Number of process threads reported by SystemInternals ProcessExplorer and API System.Diagnostics.Process.GetCurrentProcess().Threads.Count is the 16 before loops, and around 21 after loops.
If I call againg those loops, number of threads in process grows, but not by fixed nubmer each time, but grows 1-4 each time I repeat above code, so grows like 16->21->22->26->31...
3)Forced garbage collection didn’t htelp
I tried to froce garbage collection to get rid of those extra threads, but that didn’t removed them from process.
4)Profling tools
I was using RedGates Memory and Performace profilers, but hasen’t found obvious reason. I saw several extra threas and their object (ThreadContext etc) hanging, but saw no object holding those threads in memory. I am prety sure those extra threads were involved into loops work above, since I added thread name inside calls, and they still have that name I gave them.
5) Intelitrace
Intelitrace debuging showed also extra threads hanging. They still have names I gave them. But interestingly, it also showed that same thread that is hanging now, was used by above loop in the past, but also same thread was executing some timer related evens from timers form my code.
6) Locating issue
So, When I disable above loops that process filse Asynchroniously, and load files sequentialy, I do not have extra threads, and number of threads in my application is constant and and around 16.
7) Regarding SetMaxThreads :Here how it looks on my machine (XP, .NET 3.5):
Code like this:
ThreadPool.GetAvailableThreads(out AvailableWorkerThreads, out AvailableCompletionPortThreads);
ThreadPool.GetMaxThreads(out MaxWorkerThreads, out MaxCompletionPortThreads);
ThreadPool.GetMinThreads(out MinWorkerThreads, out MinCompletionPortThreads);
Gives result:
MinWorkerThreads:2 MaxWorkerThreads:500 MinCompletionPortThreads:2 MaxCompletionPortThreads:1000 AvailableWorkerThreads:500 AvailableCompletionPortThreads:1000
My app is using maybe 8 worker threads at the same time. I see no problem with SetMaxThreads.
8)
Functionally, I have no problems so far with this solution above. But somehow, if tools report that number of threads in my app is growing, it looks like “resource leak” of some kind, and I would like to address it.
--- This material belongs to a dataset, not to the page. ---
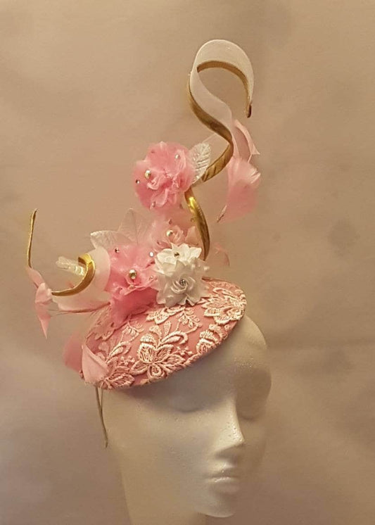 PINK HAT FASCINATOR with Gold edge swirl Wedding.Kentucky derby,Ascot hatiinator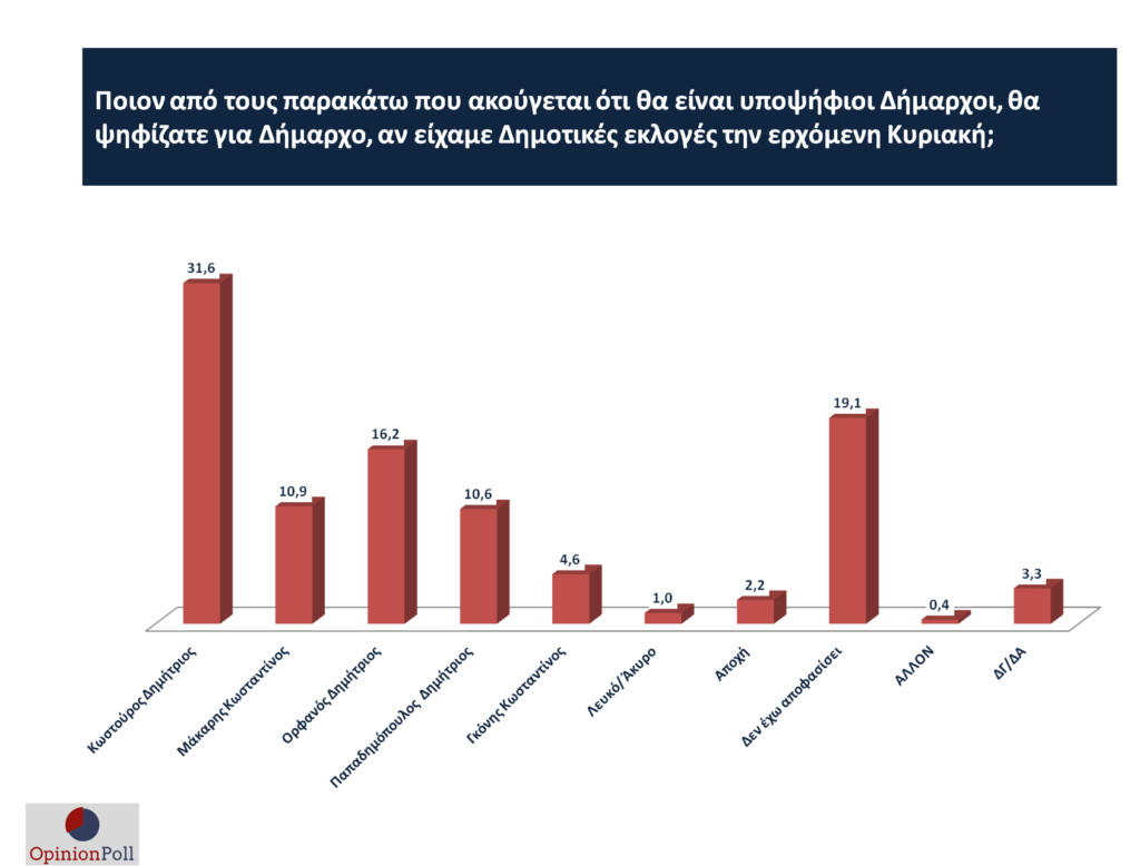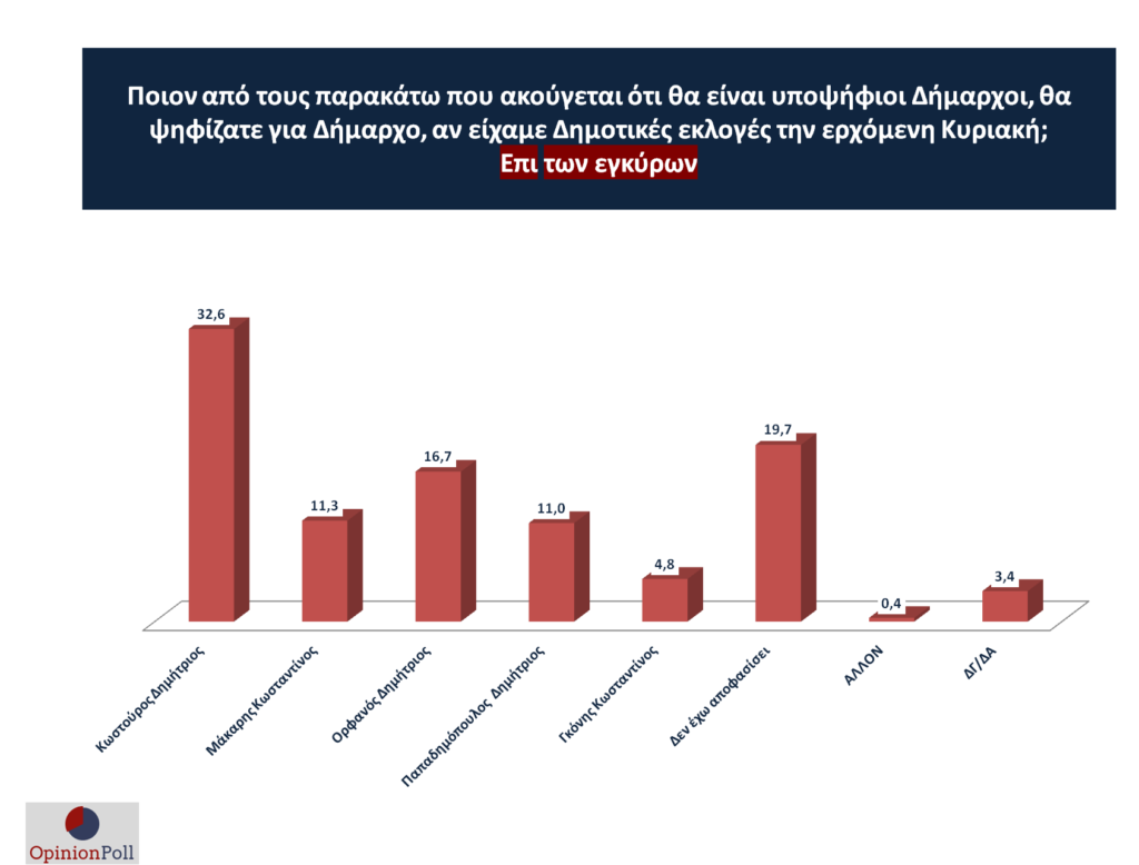 Όπως τόνισε και ο γενικός διευθυντής της Opinion Poll κ. Ζούπης κατά την παρουσίαση των αποτελεσμάτων της έρευνας , «αναλύοντας και τα ποιοτικά στοιχεία της έρευνας προκύπτει ένα ξεκάθαρο προβάδισμα του Δημήτρη Κωστούρου που δύσκολα μπορεί να ανατραπεί στις κάλπες.

It looks like some thread handles are hanging around for no reason.
9) Here is one interesting article. It sasy that thread resources are cleaned once EndInvoke is called. I am doing so in my code. Article sasy: ..”. Because EndInvoke cleans up after the spawned thread, you must make sure that an EndInvoke is called for each BeginInvoke.” “If the thread pool thread has exited, EndInvoke does the following: It cleans up the exited thread's loose ends and disposes of its resources.” See: http://en.csharp-online.net/Asynchronous_Programming%E2%80%94BeginInvoke_EndInvoke
10) Another interesting article. Author says he had thread handle leaks because he was creating controls from non-gui thread. It is pretty elaborate article, see: http://msmvps.com/blogs/senthil/archive/2008/05/29/the-case-of-the-leaking-thread-handles.aspx
11) Another interesting article. It talks about ThreadPool.SetMinThreads property. It seems that it is not ThreadPool.SetMaxThreads but ThreadPool.SetMinThreads that enables useful control over ThradPool. This article is an eye-opener for me, and made me think about how ThreadPool works and performance problems it might cause. Article is: http_://www.dotnetperls.com/threadpool-setminthreads . Anoter similar one is : http_://www.codeproject.com/Articles/3813/NET-s-ThreadPool-Class-Behind-The-Scenes
12) Another interesting article. It is talking about throttling issue with ThreadPool. Article mentions ThreadPool limit of 2 new threads per second increase. See http_://social. msdn. microsoft. com/forums/en-US/clr/thread/3325cb32-371b-4f3e-965f-6ca88538dc3e/
13) So, in maybe 30 tests I saw only 2 times that number of threads allocated would shrink. But, it did happen. I saw once thread number going like 16->....->31->61-> ->30->16. So, it went back to 16. It doesn’t happen often, and it is not about time waited, it was like big activity in process, followed by a period of constant low level activity.
14) ThreadPool.SetMinThreads Method documentation. It talks about 2 new threads per second limit for threadpool. It is not clear if setting this property would remove that limit. http_://msdn.microsoft. com/en-ca/library/system. threading.threadpool.setminthreads(v=vs.90).aspx

So the answer is: there's no leak here. This is how the thread pool works. It keeps around threads that finished working so you don't have to pay the price of thread creation next time you need one. If you have many concurrent work items then the number of threads in the pool will increase but they'll max out at MaxWorkerThreads. (And it has nothing to do with the garbage collector.)
See this article for more info:
http://msdn.microsoft.com/en-us/library/0ka9477y.aspx

i would consider a consumer producer pattern. the idea behind a threadpool is to recycle threads, not create hundreds of new. in best case you have for each cpu one thread, and queue the work. this will be sure faster as you avoid useless context switches and waits for creating new threads, as far as i remember the net threadpool waits about one second until a new thread is created, to give other threads a chance to get recycled.

Related

WithDegreeOfParallelism(N>CPU count)

System.Threading.ThreadPool.SetMaxThreads(50, 50);
File.ReadLines().AsParallel().WithDegreeOfParallelism(100).ForAll((s)->{
/*
some code which is waiting external API call
and do not utilize CPU
*/
});
I have never got threads count more than CPU count in my system.
Can I use PLINQ and get more than one thread per CPU?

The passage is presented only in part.